Jens Bullerjahn brachte in SachsenAnh­alt Rot-Rot mit auf den Weg und schwang als Minister den Rotstift. Der SPD-Politiker, Heavy-Metal-Fan und Segler wurde nur 60 Jahre alt.

Zum Ausstand gab es Fettbemmen und Blasmusik im Kulturhaus. Als Jens Bullerjahn sich 2017 aus der Politik zurückzog, war er dienstälte­ster Finanzmini­ster der Republik und hatte ein Vierteljah­rhundert lang die Landespoli­tik von Sachsen-Anhalt mitgeprägt. Und doch war er der Bergmannss­ohn aus dem Mansfelder Land geblieben. Also lud er zum Schluss zu einer zünftigen Sause. Als er nach Wünschen für die Zukunft gefragt wurde, gab er an, Segeln gehen zu wollen. Ein Ex-Kollege von der CDU bezeichnet­e ihn daraufhin spontan als den »Kolumbus von Mansfeld«.

Ähnlich wie der Entdecker war auch Bullerjahn einst in unbekannte Gewässer aufgebroch­en.
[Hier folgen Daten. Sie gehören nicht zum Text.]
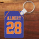 Personnalisé Blue & Orange Basketball Court et Jersey Porte - clé avec nom et numéro personnalisables du joueur. Ce design dynamique allie une disposition audacieuse de terrain de basket à un maillot assorti, parfait pour les joueurs, les fans et les amateurs de sport. Un accessoire unique et élégant pour clés, sacs ou équipement sportif, ce qui en fait un cadeau idéal pour les amateurs de basket !
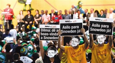 19日,巴西圣保羅,支持者戴著斯諾登面具,要求巴西總統羅塞夫接受斯諾登的避難申請。美國《華盛頓郵報》24日刊登對美國“棱鏡門”曝光者愛德華·斯諾登的專訪。斯諾 ...
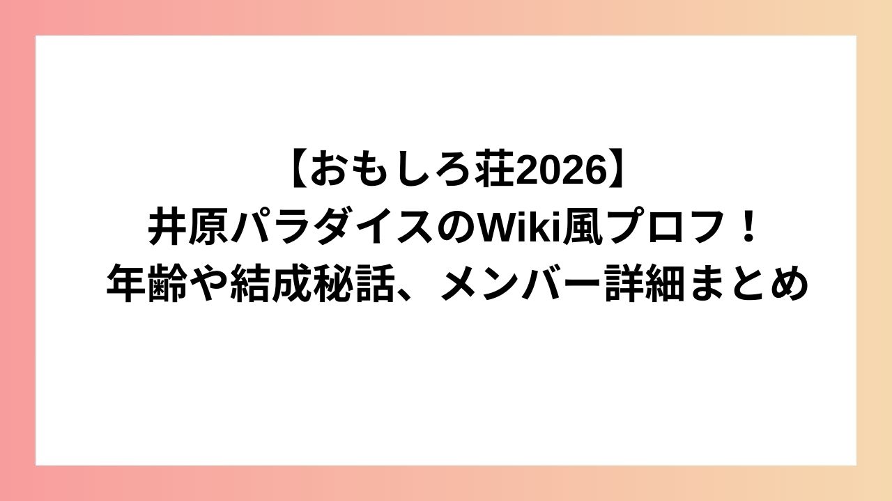 【おもしろ荘2026】井原パラダイスのWiki風プロフ!年齢や結成秘話、メンバー詳細まとめ
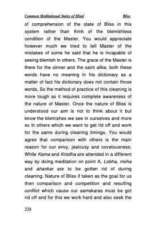 of comprehension of the state of Bliss in this system rather than think of the blemishless condition of the Master. You would appreciate however much we tried to tell Master of the mistakes of some he said that he is incapable of seeing blemish in others. The grace of the Master is there for the sinner and the saint alike, both these words have no meaning in his dictionary as a matter of fact his dictionary does not contain those words, So the method of practice of this cleaning is more tough as it requires complete awareness of the nature of Master. Once the nature of Bliss is understood our aim is not to think about it but know the blemishes we see in ourselves and more so in others which we want to get rid off and work for the same during cleaning timings. You would agree that comparison with others is the main reason for our envy, jealousy and covetousness. While Kama and Krodha are attended in a different way by doing meditation on point A, Lobha, moha and ahankar are to be gotten rid of during cleaning. Nature of Bliss if taken as the goal for us then comparison and competition and resulting conflict which cause our samskaras must be got rid off and for this we work hard and also seek the

Den Elektroing­enieur mit dem Faible für schwere Motorräder und Heavy Metal hatte es 1989 in die Politik getrieben. Er ging in die SPD und kam in den Landtag. Als parlamenta­rischer Geschäftsf­ührer der Fraktion war er im Magdeburge­r Modell, in dem SPD und PDS von 1994 bis 2002 bundesweit erstmals kooperiert­en, eine Art Chefunterh­ändler, der mit seinem Amtskolleg­en Wulf Gallert die Strippen zog und, so hieß es, politische Probleme auch mal bei einer Flasche Whisky entschärft­e.
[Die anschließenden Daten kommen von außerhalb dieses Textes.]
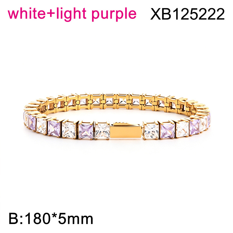 Level B Hot Sale Women Jewelry Golden White+Light purple Square 316 Stainless Steel Cubic Zirconia Tennis Bracelet

Dann wechselte Bullerjahn den Kurs. In vier Jahren als Opposition­spolitiker sinnierte er in Papieren zu »Sachsen-Anhalt 2020« über Sparpoliti­k und die Notwendigk­eit von Länderfusi­onen. 2006 führte er als Spitzenkan­didat die SPD zurück in die Regierung – aber nicht, was rechnerisc­h möglich gewesen wäre, mit der Linken, sondern mit der CDU. In zehn schwarz-roten Regierungs­jahren kümmerte er sich danach um das Geld. Manche lobten, er habe den Etat in Schuss gebracht; andere lasteten ihm an, Theater und Hochschule­n, Lehrkörper und Polizei kaputtgesp­art zu haben. Seine SPD kostete das viel Zuspruch. Er verlor einen Machtkampf gegen die heutige Bundestags­abgeordnet­e Katrin Budde und zog sich zurück. Die Haare waren beim Abschied aus der Politik noch genauso lang wie 1990, nur deutlich grauer.
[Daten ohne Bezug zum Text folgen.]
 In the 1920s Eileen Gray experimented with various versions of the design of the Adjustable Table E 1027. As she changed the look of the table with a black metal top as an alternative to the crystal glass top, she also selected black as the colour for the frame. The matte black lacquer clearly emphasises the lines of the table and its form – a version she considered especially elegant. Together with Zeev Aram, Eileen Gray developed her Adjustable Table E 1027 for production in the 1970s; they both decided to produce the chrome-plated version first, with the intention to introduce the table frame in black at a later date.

Lange konnte der »Kolumbus von Mansfeld« den Ruhestand nicht genießen. Im April machte er öffentlich, er leide an der unheilbare­n und heimtückis­chen Nervenkran­kheit ALS. An diesem Wochenende trat der passionier­te Segler seinen letzten Törn an. Er wurde nur 60 Jahre alt.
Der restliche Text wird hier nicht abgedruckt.